* EXERCISE BRIEF *
Beginning at the line that holds "White Button-Up Short Sleeve Casual Shirt", repeat every line through the last line of the material, exactly, and drop any pictures.

* STORED DATA *
━━━━━━━━━━━━━━━━━━━━━━━━━━━━━━

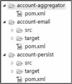 为了方便用户构建项目,通常将聚合模块放在项目目录的最顶层,其他模块则作为聚合模块的子目录存在,这样当用户得到源码的时候,第一眼发现的就是聚合模块的POM,不用从多个模块中去寻找聚合模块来构建整个项目。图8-1所示为account-aggregator与另外两个模块的目录结构关系。
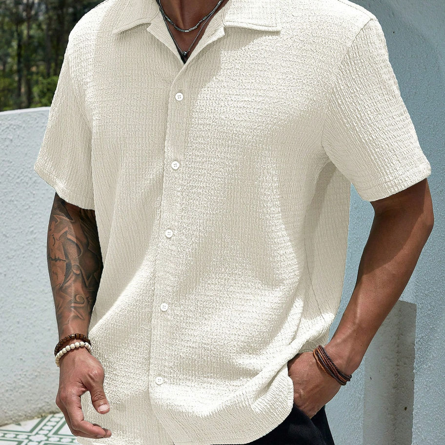 White Button-Up Short Sleeve Casual Shirt
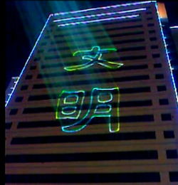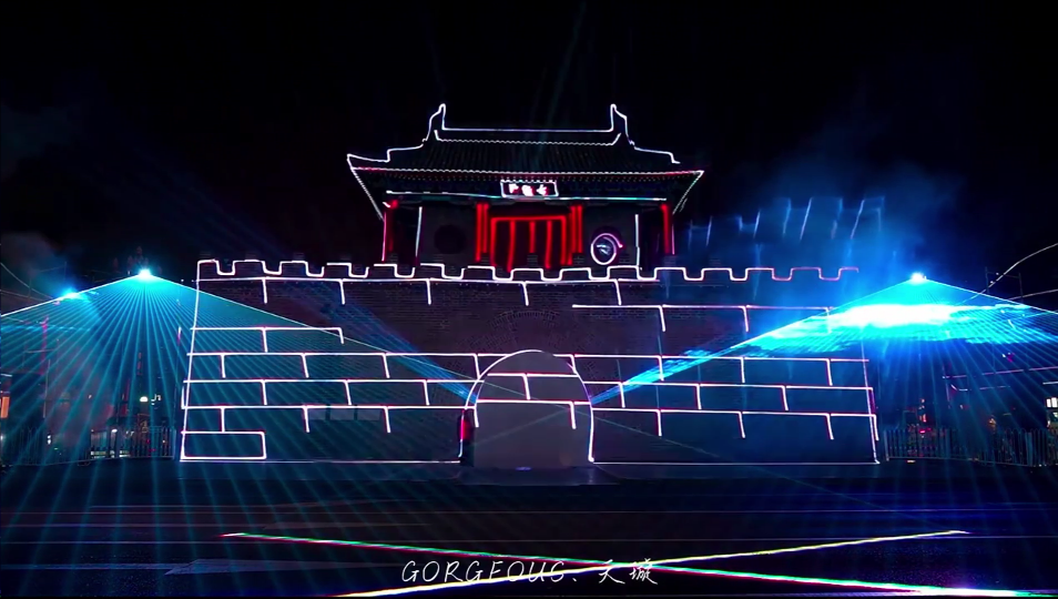 这里说的激光雕刻是激光灯的一种应用形式,一种使用激光束对物体进行刻划的技术。以呈现物体为载体,运用激光投影技术在载体外表形成明暗有序、特效感强的夜间视觉景观,不破坏原有生态环境,在夜色的渲染下,投影画面逼真,视觉效果震撼,科技感十足。

━━━━━━━━━━━━━━━━━━━━━━━━━━━━━━

* RESPONSE TO THE EXERCISE *
 White Button-Up Short Sleeve Casual Shirt
 这里说的激光雕刻是激光灯的一种应用形式,一种使用激光束对物体进行刻划的技术。以呈现物体为载体,运用激光投影技术在载体外表形成明暗有序、特效感强的夜间视觉景观,不破坏原有生态环境,在夜色的渲染下,投影画面逼真,视觉效果震撼,科技感十足。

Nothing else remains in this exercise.